It’s all under (version) control…

After a lot of looking around, I have currently settled on Subversion as a core part of my backup strategy. For the most part it is going to operate like this:

important “controlled” data <-> repository server <-> versioning “hot” backup server <-> offline storage

important “non controlled” data <-> repository server <-> versioning “hot” backup server <-> offline storage

This is true for >all< the important data. There are really two different types of versioning servers in my worldview and each have their place.

repository servers: these are the traditional “source code control” servers. In a repository server when you “check in” or “commit” a change you are asked to supply a comment or explanation of the change. It handles grouping multiple files at a particular point in time into a “release” and so on. This allows me to batch up all the files form a web site or programming project and say “this is release 1.0” and so on. Very useful stuff for the right kind of data. Currently I am using Subversion for this.
versioning hot backup servers: these are systems that monitor activity for specific files, folders and make backups of those changes in close to real time. No specific action is necessary to “check in” a file, as soon as you save it it is backed up. You can “roll back” to any previous version fo the file you might need. At the moment I am probably going to wait for “Microsoft Data Protection Manager” to handle this part.

The important difference is that repositories know about your data’s logical history and organization. They understand what files go together, can show you the commented history of a file and do a good job of merging changes made by multiple people.

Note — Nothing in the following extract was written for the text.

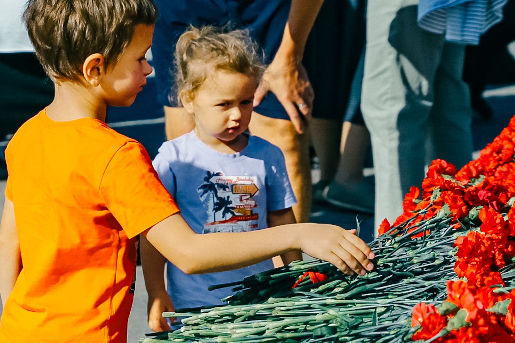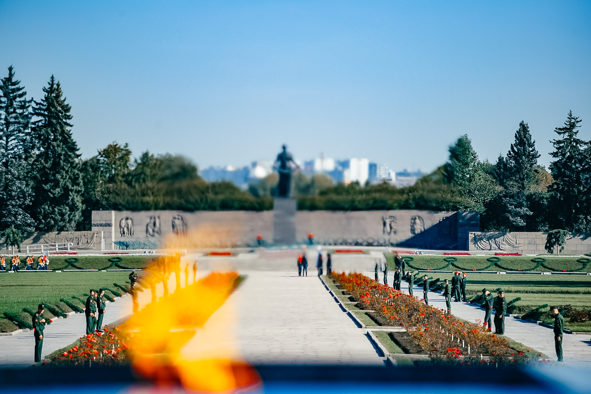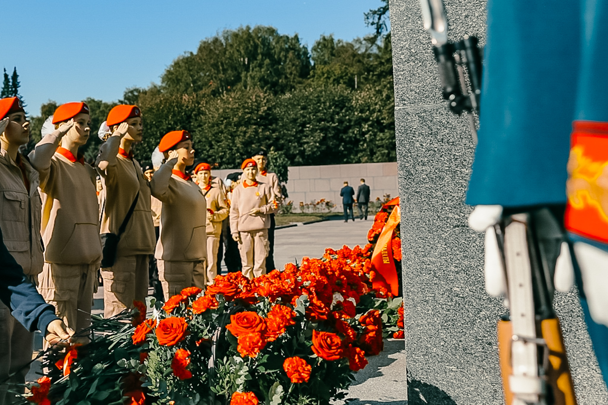 Цветы и венки возложили представители Конституционного суда Российской Федерации, члены правительства и депутаты Законодательного Собрания Ленинградской области, депутаты Государственной Думы РФ, делегация Общественной платы Санкт‑Петербурга, представители Главного командования Военно-Морского Флота и командования Ленинградского военного округа, командования Северо-Западным округом войск национальной гвардии Российской Федерации, делегация Межпарламентской ассамблеи государств – участников СНГ, делегации общественных организаций ветеранов, блокадников, несовершеннолетних узников фашистских лагерей, тружеников тыла, детей войны, представители Фонда «Защитники Отечества» и ветераны Специальной военной операции, члены молодёжных организаций, студенты, школьники, жители города.
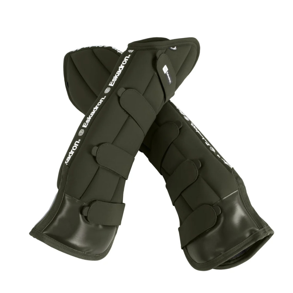 Захисні транспортні ногавки виготовлені з міцного та еластичного софтшелу з м’якою байковою підкладкою, що забезпечує комфорт і захист ніг коня під час перевезення. Надійну фіксацію гарантують численні липучки з фірмовим значком Eskadron.У нижній частині передбачене посилення з матеріалу Softslate, а на задній стрічці розташований напис Eskadron.Доповнені фірмовим прапорцем-лейблом.Практичний і зручний вибір для безпечного транспортування коня.Матеріал: 80% нейлон, 20% еластан.

Versioned backups don’t always have that.

For me this means that data that is part of an organized, incremental development process (websites, software, artwork, etc.) where you might want to gather and put out “releases” or have multiple people working on them at the same time should go in repositories. Data that is not part of a formalized incremental development process (email data files, the “My Documents” folder, even the repositories themselves) should just go straight to the hot backups.

So far, stage one complete. I have my repositories in place and I am also using them as a limited “hot backup” system. For example my email files are in a “soulhuntre” repository, and I check them in ever day or so. Eventually I will take the next step.